*** Opening of INFORMATION SHOWN ***
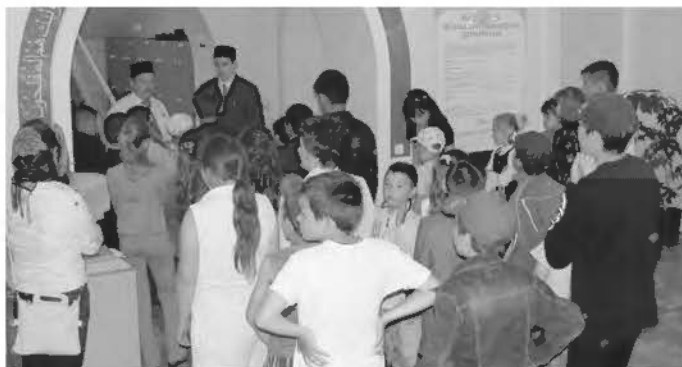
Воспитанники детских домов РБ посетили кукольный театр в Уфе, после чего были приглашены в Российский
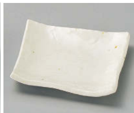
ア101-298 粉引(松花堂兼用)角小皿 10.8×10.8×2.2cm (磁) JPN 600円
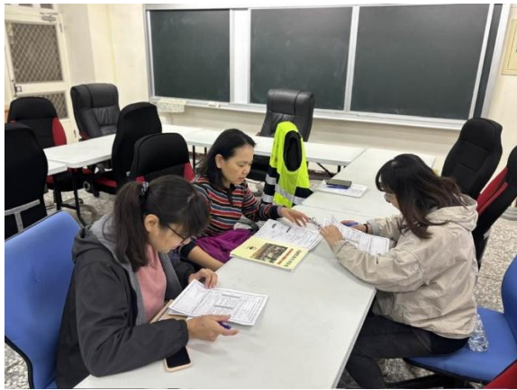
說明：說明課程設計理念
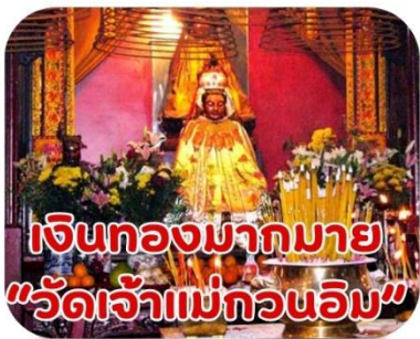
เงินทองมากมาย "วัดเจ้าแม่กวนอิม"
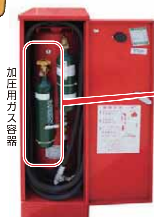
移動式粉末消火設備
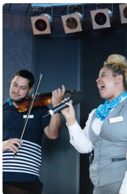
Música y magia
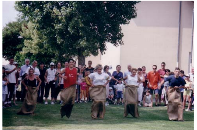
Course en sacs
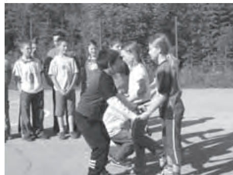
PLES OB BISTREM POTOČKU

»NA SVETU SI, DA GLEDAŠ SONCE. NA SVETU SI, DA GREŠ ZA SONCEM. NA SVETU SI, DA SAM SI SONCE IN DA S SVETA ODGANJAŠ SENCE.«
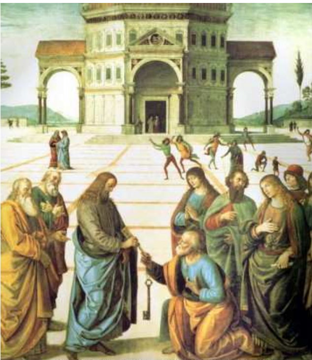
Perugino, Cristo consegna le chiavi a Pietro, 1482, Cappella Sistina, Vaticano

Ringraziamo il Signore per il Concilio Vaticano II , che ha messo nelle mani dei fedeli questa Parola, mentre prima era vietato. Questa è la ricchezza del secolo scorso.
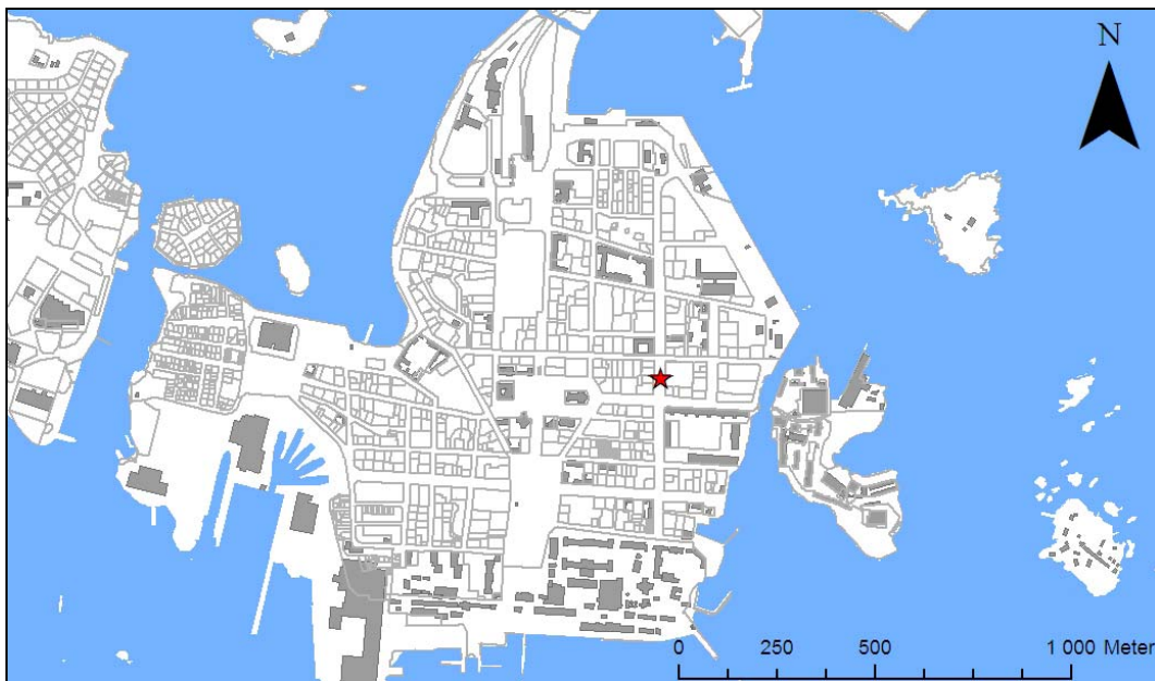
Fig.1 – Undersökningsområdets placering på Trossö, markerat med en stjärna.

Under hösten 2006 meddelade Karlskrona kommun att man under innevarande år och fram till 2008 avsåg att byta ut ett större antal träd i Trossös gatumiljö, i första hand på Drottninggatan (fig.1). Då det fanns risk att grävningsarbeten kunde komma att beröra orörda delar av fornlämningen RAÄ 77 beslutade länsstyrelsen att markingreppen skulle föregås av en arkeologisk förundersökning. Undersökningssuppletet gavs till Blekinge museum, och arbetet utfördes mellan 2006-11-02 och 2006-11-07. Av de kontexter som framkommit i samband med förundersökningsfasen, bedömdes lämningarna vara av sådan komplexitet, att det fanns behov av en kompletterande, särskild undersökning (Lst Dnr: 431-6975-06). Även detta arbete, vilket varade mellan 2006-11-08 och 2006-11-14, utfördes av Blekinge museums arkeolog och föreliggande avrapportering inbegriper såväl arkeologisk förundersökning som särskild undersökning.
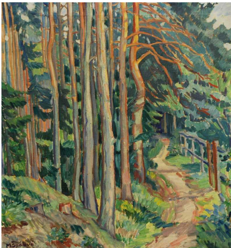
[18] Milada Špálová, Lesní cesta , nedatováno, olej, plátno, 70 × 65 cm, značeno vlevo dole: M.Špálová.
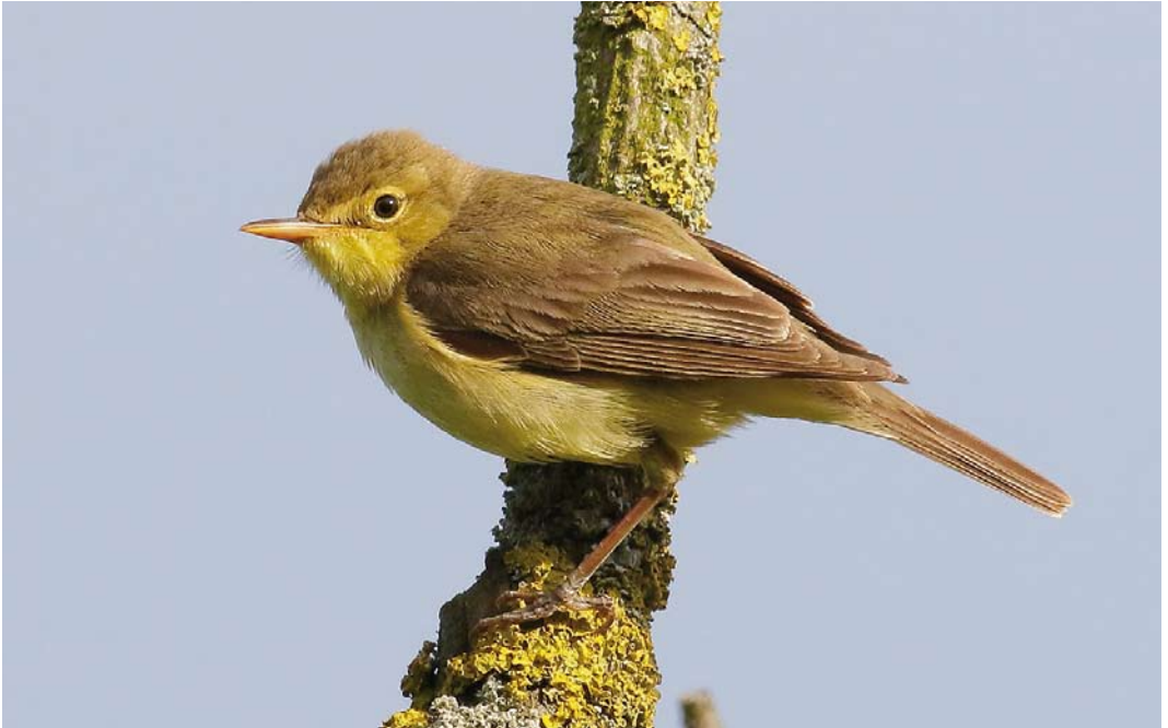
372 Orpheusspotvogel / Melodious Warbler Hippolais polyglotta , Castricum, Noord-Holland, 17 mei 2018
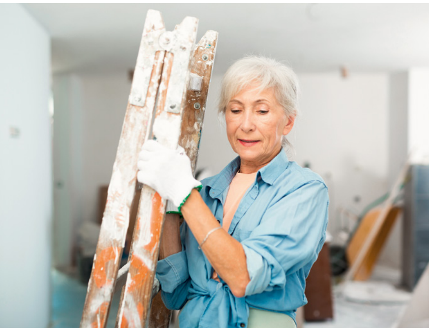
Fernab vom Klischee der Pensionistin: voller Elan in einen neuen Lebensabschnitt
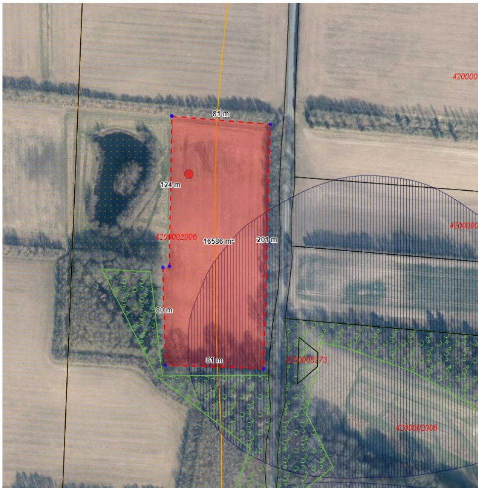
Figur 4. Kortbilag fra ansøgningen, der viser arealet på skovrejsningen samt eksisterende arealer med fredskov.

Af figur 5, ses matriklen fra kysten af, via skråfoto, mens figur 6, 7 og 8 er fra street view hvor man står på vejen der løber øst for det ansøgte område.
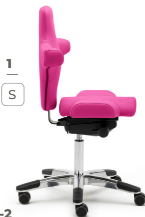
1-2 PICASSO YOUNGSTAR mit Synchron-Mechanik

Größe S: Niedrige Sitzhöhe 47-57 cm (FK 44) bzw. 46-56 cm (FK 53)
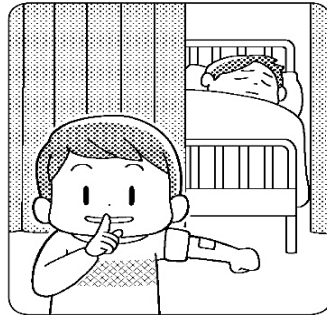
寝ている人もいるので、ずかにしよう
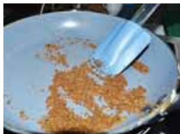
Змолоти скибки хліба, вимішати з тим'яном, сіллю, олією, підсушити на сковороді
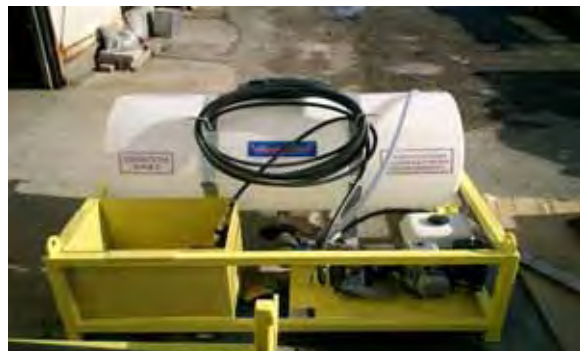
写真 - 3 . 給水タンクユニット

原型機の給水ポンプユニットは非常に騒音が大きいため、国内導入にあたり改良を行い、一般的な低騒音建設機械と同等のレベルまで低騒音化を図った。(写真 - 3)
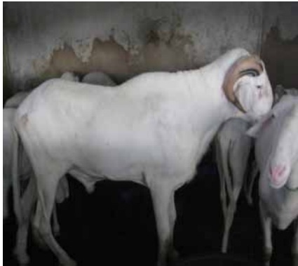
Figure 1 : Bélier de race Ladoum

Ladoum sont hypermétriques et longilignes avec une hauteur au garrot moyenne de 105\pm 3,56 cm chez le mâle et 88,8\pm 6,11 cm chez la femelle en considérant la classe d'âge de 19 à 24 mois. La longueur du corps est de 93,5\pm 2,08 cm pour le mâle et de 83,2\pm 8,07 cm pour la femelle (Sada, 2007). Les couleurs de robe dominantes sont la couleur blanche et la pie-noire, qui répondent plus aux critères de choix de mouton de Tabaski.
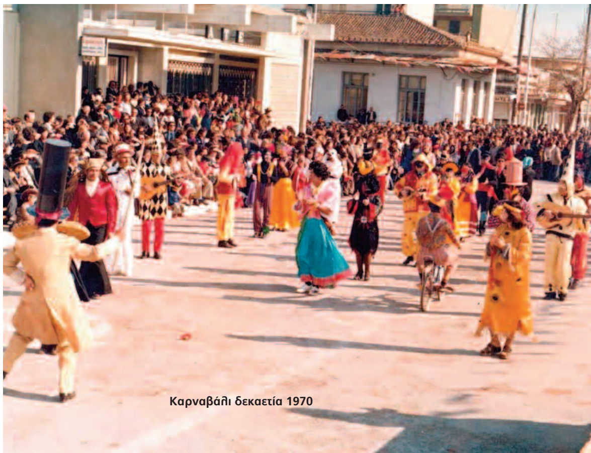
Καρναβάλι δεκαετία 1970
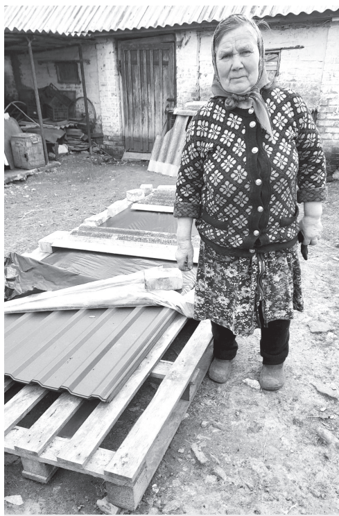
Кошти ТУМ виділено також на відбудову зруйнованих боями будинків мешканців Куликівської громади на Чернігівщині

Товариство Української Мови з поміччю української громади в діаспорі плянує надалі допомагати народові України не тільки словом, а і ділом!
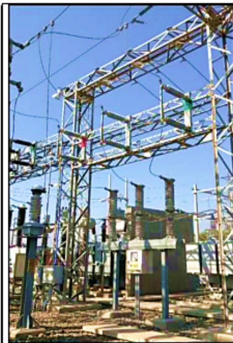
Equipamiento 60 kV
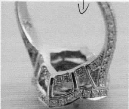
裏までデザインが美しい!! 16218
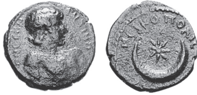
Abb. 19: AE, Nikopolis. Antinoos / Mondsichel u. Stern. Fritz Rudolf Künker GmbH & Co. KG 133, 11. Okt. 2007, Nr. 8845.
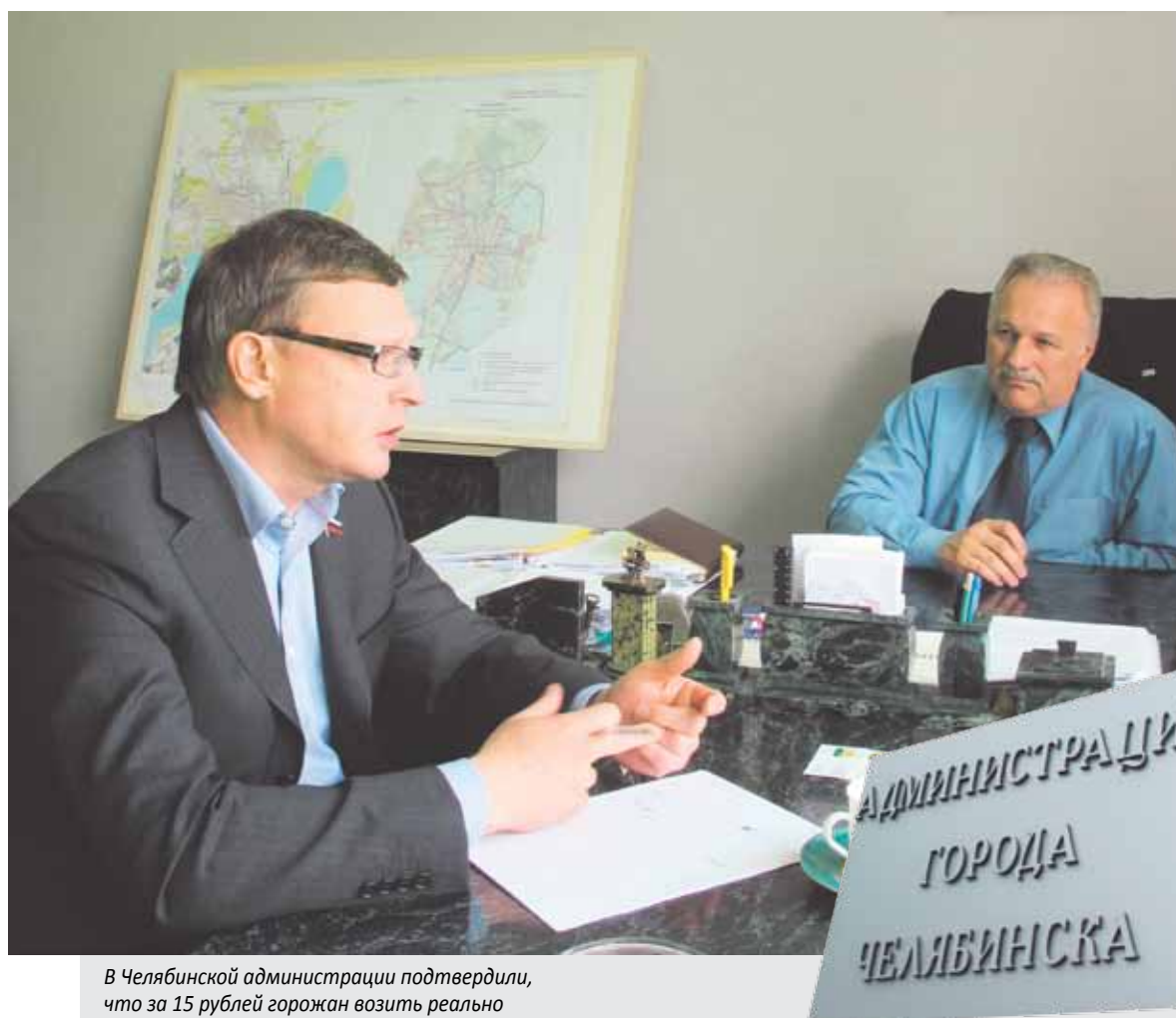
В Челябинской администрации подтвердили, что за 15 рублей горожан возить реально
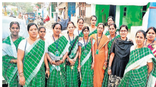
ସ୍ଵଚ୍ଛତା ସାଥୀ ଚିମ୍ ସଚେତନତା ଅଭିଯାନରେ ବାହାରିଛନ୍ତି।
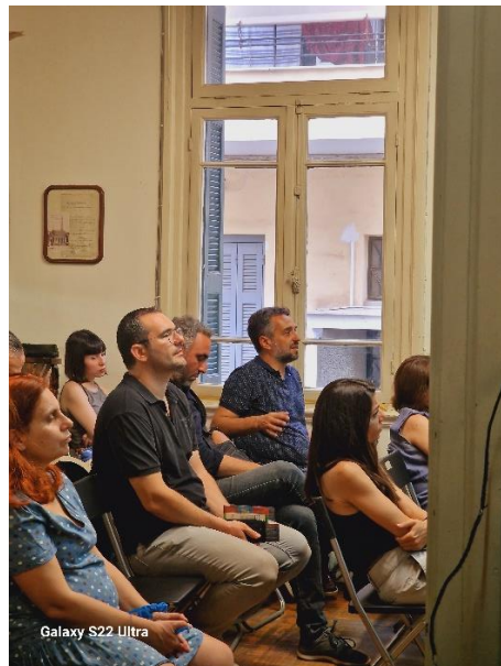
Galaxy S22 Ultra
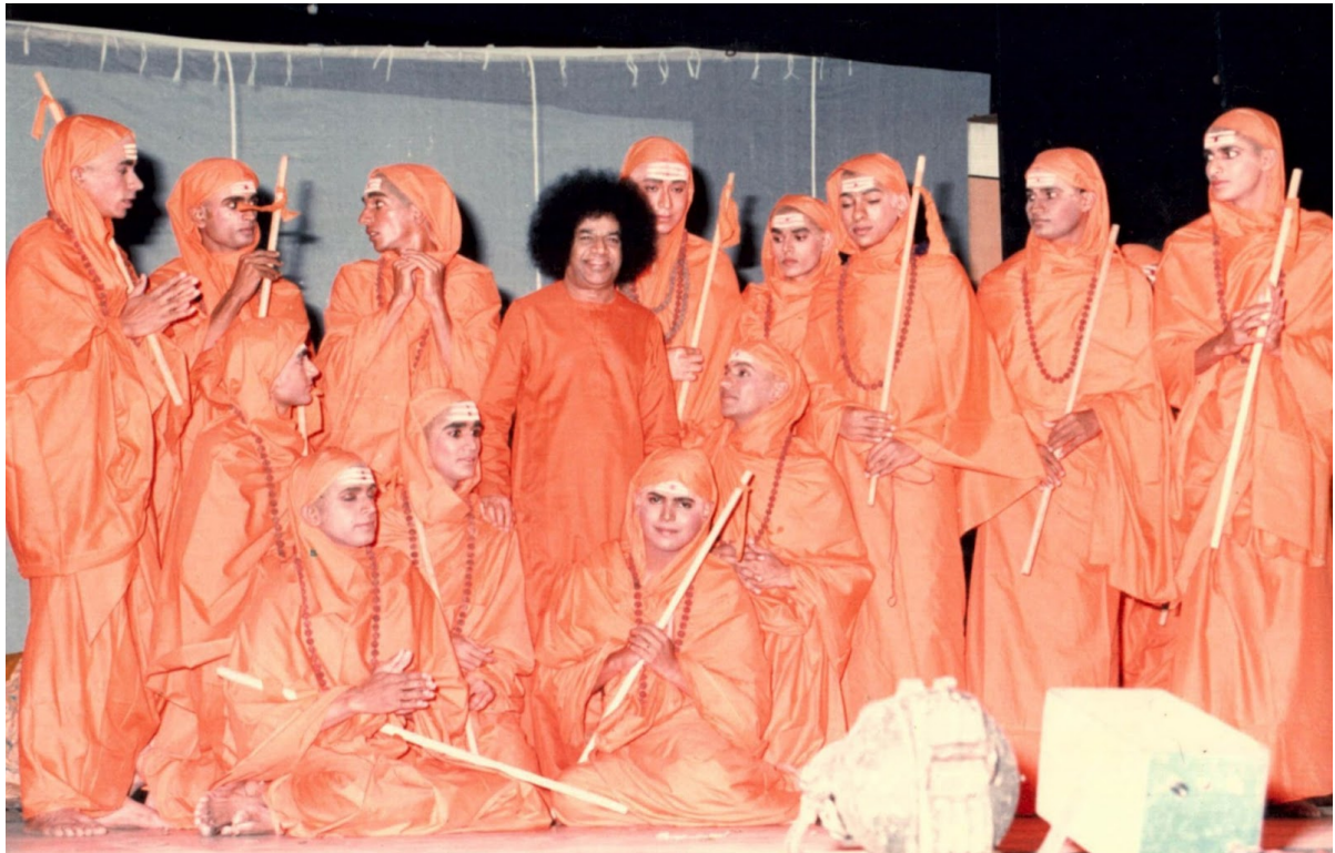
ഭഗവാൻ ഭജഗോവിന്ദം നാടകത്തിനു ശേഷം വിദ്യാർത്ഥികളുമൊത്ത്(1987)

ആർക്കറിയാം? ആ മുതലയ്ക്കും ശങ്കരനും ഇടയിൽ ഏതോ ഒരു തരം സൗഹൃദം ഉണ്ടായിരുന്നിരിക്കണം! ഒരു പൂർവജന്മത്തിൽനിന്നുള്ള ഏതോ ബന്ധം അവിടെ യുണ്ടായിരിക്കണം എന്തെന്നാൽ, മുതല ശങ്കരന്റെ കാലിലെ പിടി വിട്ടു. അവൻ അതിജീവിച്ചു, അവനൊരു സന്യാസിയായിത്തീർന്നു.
*** Close of INFORMATION SHOWN ***
ABOUT THIS EXERCISE. What is needed is an exact copy of the lines from the start of the records through the line containing "PLES OB BISTREM POTOČKU", with no pictures.

REPLY.
Воспитанники детских домов РБ посетили кукольный театр в Уфе, после чего были приглашены в Российский
ア101-298 粉引(松花堂兼用)角小皿 10.8×10.8×2.2cm (磁) JPN 600円
說明：說明課程設計理念
เงินทองมากมาย "วัดเจ้าแม่กวนอิม"
移動式粉末消火設備
Música y magia
Course en sacs
PLES OB BISTREM POTOČKU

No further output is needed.